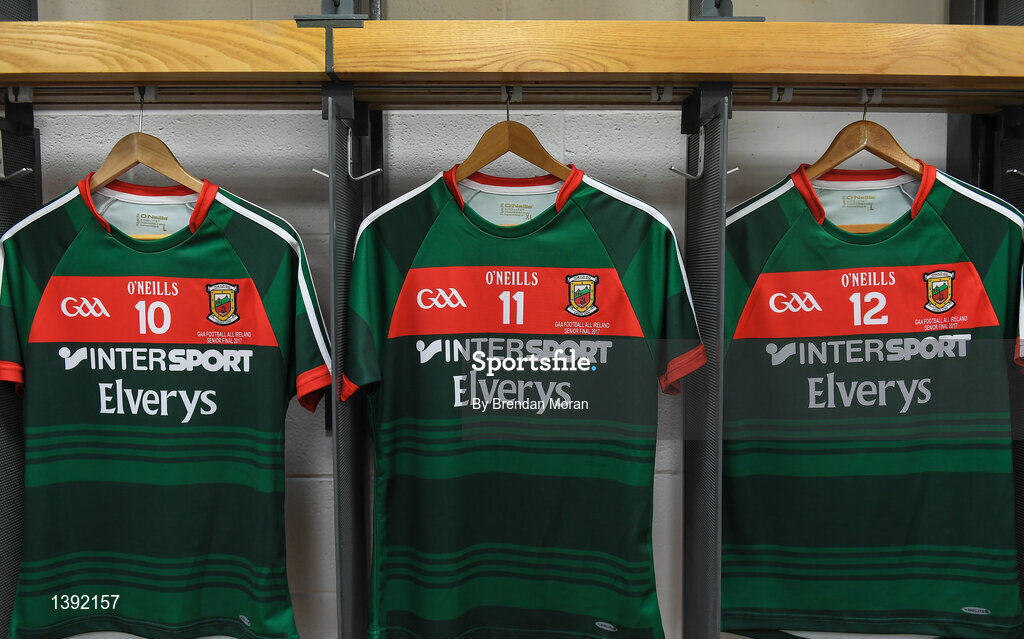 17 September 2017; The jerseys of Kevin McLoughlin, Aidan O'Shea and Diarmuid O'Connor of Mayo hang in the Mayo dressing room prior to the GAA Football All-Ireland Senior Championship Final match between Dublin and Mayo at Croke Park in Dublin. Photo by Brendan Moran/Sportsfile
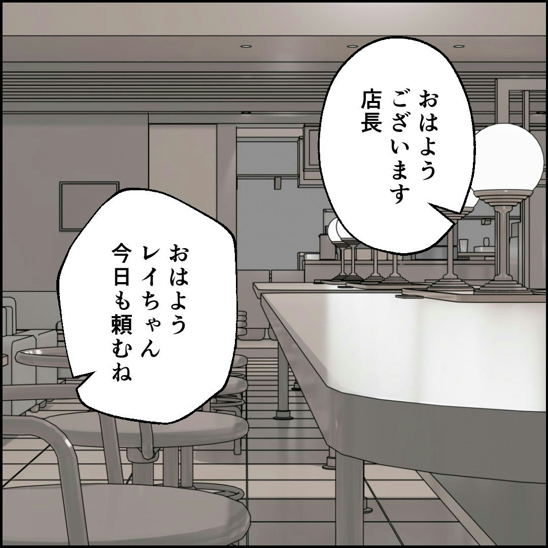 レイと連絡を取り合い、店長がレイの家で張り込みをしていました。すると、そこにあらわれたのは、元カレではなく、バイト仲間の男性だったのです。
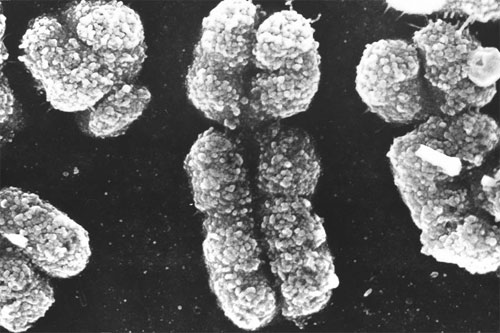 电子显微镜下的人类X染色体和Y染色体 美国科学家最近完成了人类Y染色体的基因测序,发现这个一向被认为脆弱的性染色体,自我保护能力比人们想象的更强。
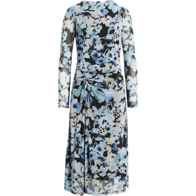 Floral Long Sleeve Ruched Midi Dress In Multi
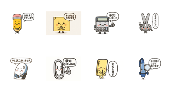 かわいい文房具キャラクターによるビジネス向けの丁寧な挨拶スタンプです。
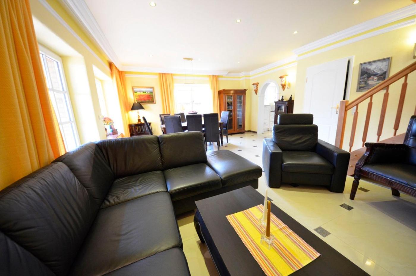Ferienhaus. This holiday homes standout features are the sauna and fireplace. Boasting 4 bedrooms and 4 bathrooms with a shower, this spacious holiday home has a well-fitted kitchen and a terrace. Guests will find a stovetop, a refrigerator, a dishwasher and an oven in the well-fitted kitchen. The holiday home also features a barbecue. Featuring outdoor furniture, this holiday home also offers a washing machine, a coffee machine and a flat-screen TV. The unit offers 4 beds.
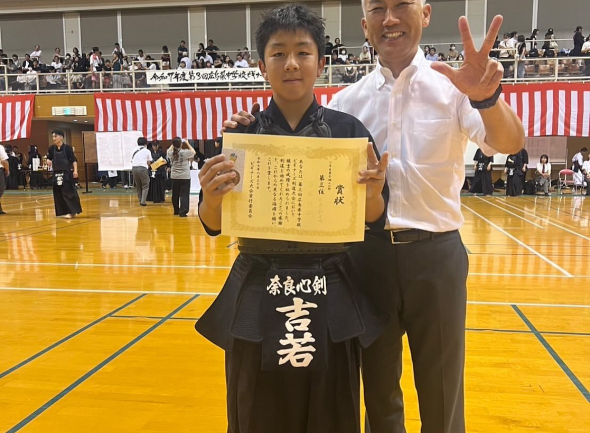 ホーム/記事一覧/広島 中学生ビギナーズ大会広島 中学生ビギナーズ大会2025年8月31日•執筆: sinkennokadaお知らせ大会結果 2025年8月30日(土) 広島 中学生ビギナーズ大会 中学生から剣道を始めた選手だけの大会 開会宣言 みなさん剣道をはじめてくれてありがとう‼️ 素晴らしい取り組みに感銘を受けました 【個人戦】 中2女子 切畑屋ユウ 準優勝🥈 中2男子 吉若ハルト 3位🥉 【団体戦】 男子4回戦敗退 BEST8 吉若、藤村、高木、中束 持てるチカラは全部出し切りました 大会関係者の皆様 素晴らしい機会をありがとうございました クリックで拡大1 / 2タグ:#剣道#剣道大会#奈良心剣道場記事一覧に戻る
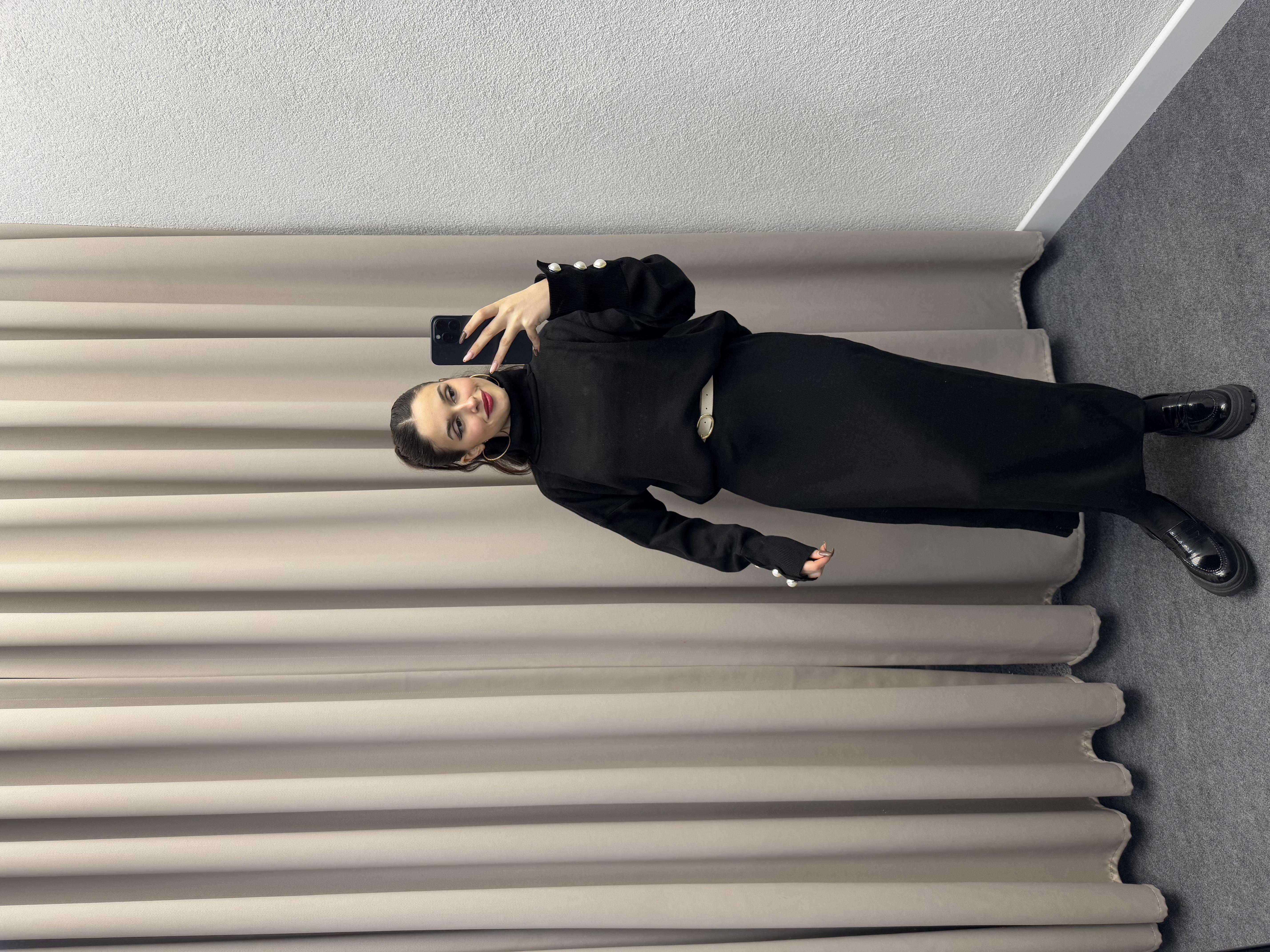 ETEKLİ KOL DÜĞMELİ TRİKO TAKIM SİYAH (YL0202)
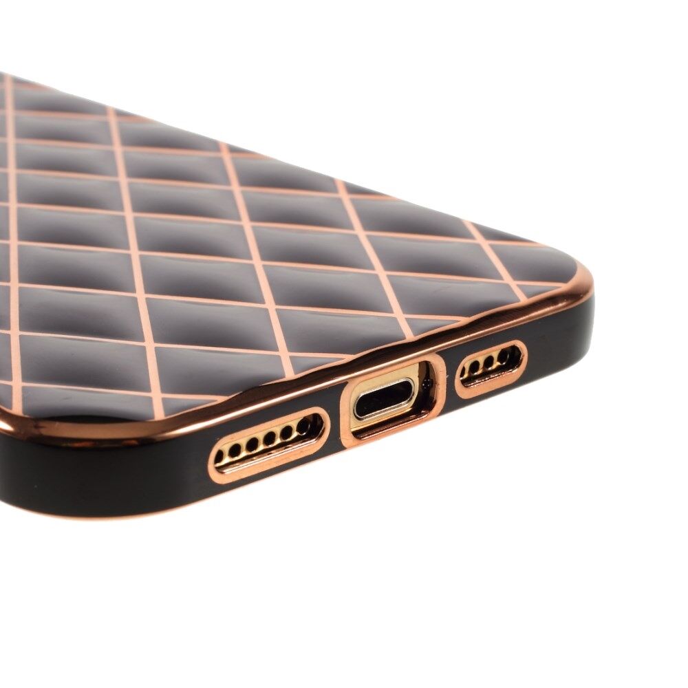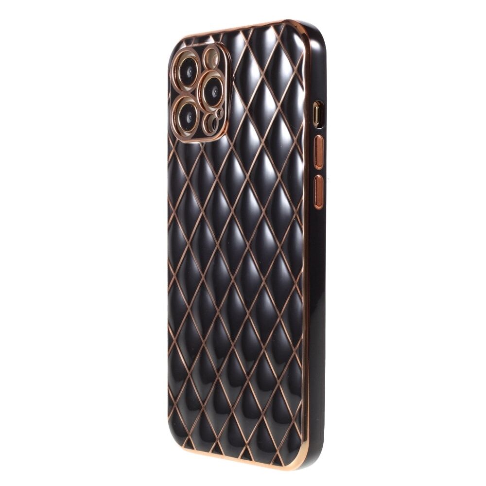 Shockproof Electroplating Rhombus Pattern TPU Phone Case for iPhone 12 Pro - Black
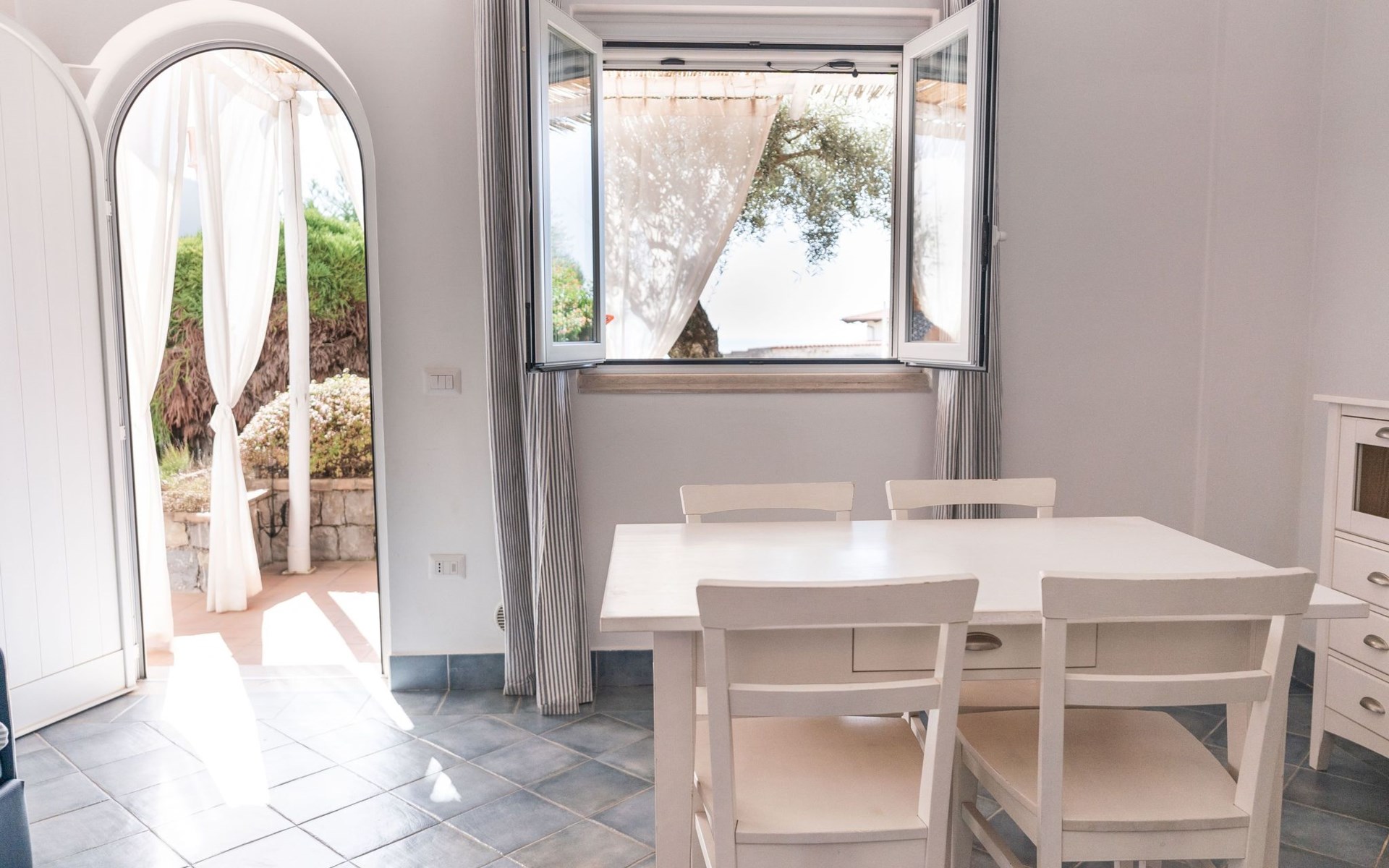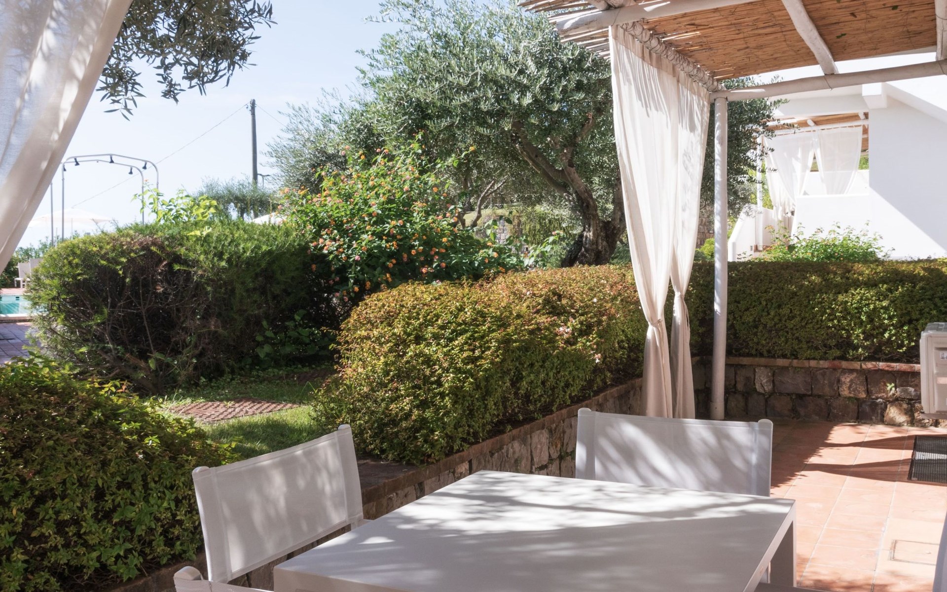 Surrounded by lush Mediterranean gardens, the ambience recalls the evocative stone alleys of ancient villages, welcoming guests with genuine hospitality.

YOUR GOAL
Starting at the line with "Ferienhaus. This holiday" in the entries above, write out every line exactly until the line with "Shockproof Electroplating Rhombus" has been written. Include no pictures and nothing more.

COMPLETED EXERCISE
Ferienhaus. This holiday homes standout features are the sauna and fireplace. Boasting 4 bedrooms and 4 bathrooms with a shower, this spacious holiday home has a well-fitted kitchen and a terrace. Guests will find a stovetop, a refrigerator, a dishwasher and an oven in the well-fitted kitchen. The holiday home also features a barbecue. Featuring outdoor furniture, this holiday home also offers a washing machine, a coffee machine and a flat-screen TV. The unit offers 4 beds.
 ホーム/記事一覧/広島 中学生ビギナーズ大会広島 中学生ビギナーズ大会2025年8月31日•執筆: sinkennokadaお知らせ大会結果 2025年8月30日(土) 広島 中学生ビギナーズ大会 中学生から剣道を始めた選手だけの大会 開会宣言 みなさん剣道をはじめてくれてありがとう‼️ 素晴らしい取り組みに感銘を受けました 【個人戦】 中2女子 切畑屋ユウ 準優勝🥈 中2男子 吉若ハルト 3位🥉 【団体戦】 男子4回戦敗退 BEST8 吉若、藤村、高木、中束 持てるチカラは全部出し切りました 大会関係者の皆様 素晴らしい機会をありがとうございました クリックで拡大1 / 2タグ:#剣道#剣道大会#奈良心剣道場記事一覧に戻る
 ETEKLİ KOL DÜĞMELİ TRİKO TAKIM SİYAH (YL0202)
 Shockproof Electroplating Rhombus Pattern TPU Phone Case for iPhone 12 Pro - Black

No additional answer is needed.